EXERCISE REQUIREMENTS: Please transcribe the data below exactly. Leave the pictures out.

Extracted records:
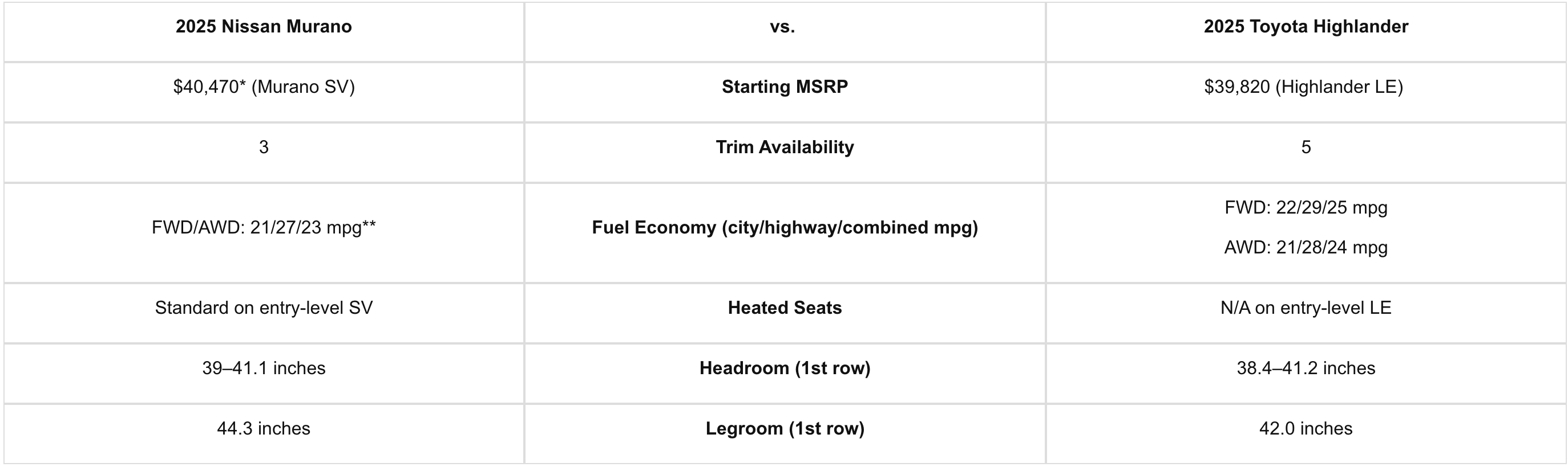 The 2025 Nissan Murano also comes with standard heated seats starting with the entry-level SV trim, whereas the Highlander does not. In fact, if you want heated seats on the 2025 Highlander, you’ll have to skip the entry-level LE and head straight to the XLE, which has a starting MSRP of $42,970. Despite being only one level up from the baseline Highlander LE, the XLE is already significantly more expensive than the Nissan Murano SV, which starts at $40,470* MSRP.
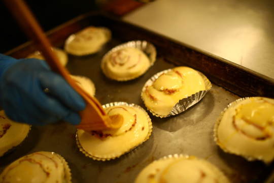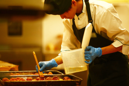 ・天候や気温、水温などの条件を考慮しながら、手作業で丁寧にパンを作れる。
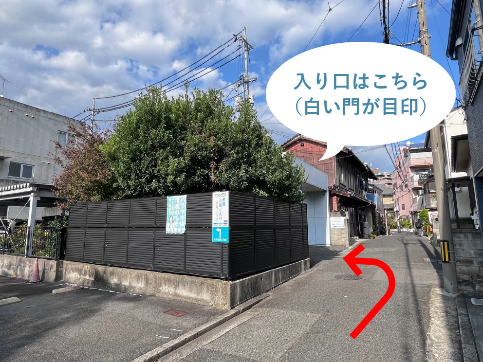 当院の案内看板の奥側に当院入り口がございます。白色の門が目印です。
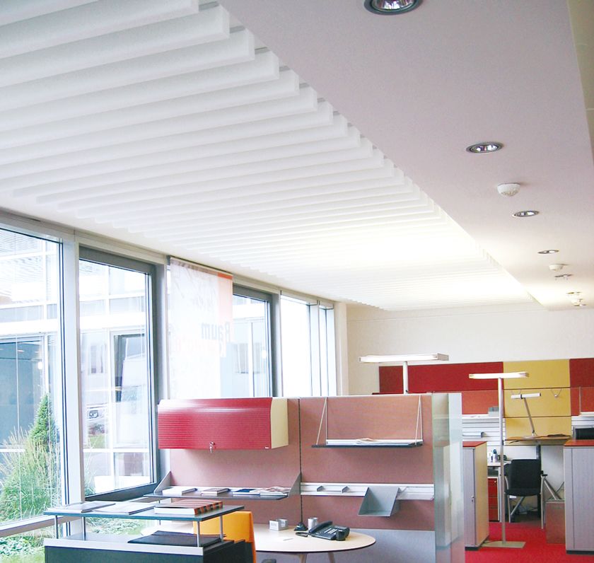 Een perfecte akoestische oplossing voor hoge plafonds zijn Linear Polar elementen. Dit zijn geluidsabsorberende ophangelementen. En ja in meervoud, want een ophangelement hangt nooit alleen. De Linear Polar elementen worden met een bepaalde tussenruimte in een rij aan het plafond gehangen. Door ze op de juiste afstand van elkaar te plaatsen worden de geluidsgolven die van het plafond weerkaatsen door het geluidsabsorberend ophangelement opgevangen en geabsorbeerd.
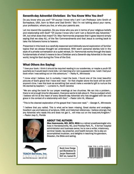 Do you know who you are? "Of course I know who I am! I am Professor John Smith of Someplace, USA, born to Bob and Patty Smith." But I'm not talking about your name, your profession, where you live, or who your parents are. Let me reword the question. Do you know who you are in terms of your religious beliefs and relationship with God? "Of course I know who I am! I am a Seventh-day Adventist." OK, but what does that mean? Dr. Max Hammonds proposes that it goes beyond simply saying that we obey ALL of the Ten Commandments and that Jesus is coming back to take His followers home to heaven. Presented in this book is a carefully reasoned and biblically sound exploration of familiar topics that we always thought we understood. With warm personal stories told in the style of a private conversation at a quiet retreat, Dr. Hammonds works through the basic fundamentals of what it means to be a Christian and a Seventh-day Adventist in the real world, living for God during the Time of the End. This is not just another book about Adventist doctrines. This book gets at the heart of Christianity while focusing on the special calling we have as Adventists.

ANSWER AREA:
 The 2025 Nissan Murano also comes with standard heated seats starting with the entry-level SV trim, whereas the Highlander does not. In fact, if you want heated seats on the 2025 Highlander, you’ll have to skip the entry-level LE and head straight to the XLE, which has a starting MSRP of $42,970. Despite being only one level up from the baseline Highlander LE, the XLE is already significantly more expensive than the Nissan Murano SV, which starts at $40,470* MSRP.
 ・天候や気温、水温などの条件を考慮しながら、手作業で丁寧にパンを作れる。
 当院の案内看板の奥側に当院入り口がございます。白色の門が目印です。
 Een perfecte akoestische oplossing voor hoge plafonds zijn Linear Polar elementen. Dit zijn geluidsabsorberende ophangelementen. En ja in meervoud, want een ophangelement hangt nooit alleen. De Linear Polar elementen worden met een bepaalde tussenruimte in een rij aan het plafond gehangen. Door ze op de juiste afstand van elkaar te plaatsen worden de geluidsgolven die van het plafond weerkaatsen door het geluidsabsorberend ophangelement opgevangen en geabsorbeerd.
 Do you know who you are? "Of course I know who I am! I am Professor John Smith of Someplace, USA, born to Bob and Patty Smith." But I'm not talking about your name, your profession, where you live, or who your parents are. Let me reword the question. Do you know who you are in terms of your religious beliefs and relationship with God? "Of course I know who I am! I am a Seventh-day Adventist." OK, but what does that mean? Dr. Max Hammonds proposes that it goes beyond simply saying that we obey ALL of the Ten Commandments and that Jesus is coming back to take His followers home to heaven. Presented in this book is a carefully reasoned and biblically sound exploration of familiar topics that we always thought we understood. With warm personal stories told in the style of a private conversation at a quiet retreat, Dr. Hammonds works through the basic fundamentals of what it means to be a Christian and a Seventh-day Adventist in the real world, living for God during the Time of the End. This is not just another book about Adventist doctrines. This book gets at the heart of Christianity while focusing on the special calling we have as Adventists.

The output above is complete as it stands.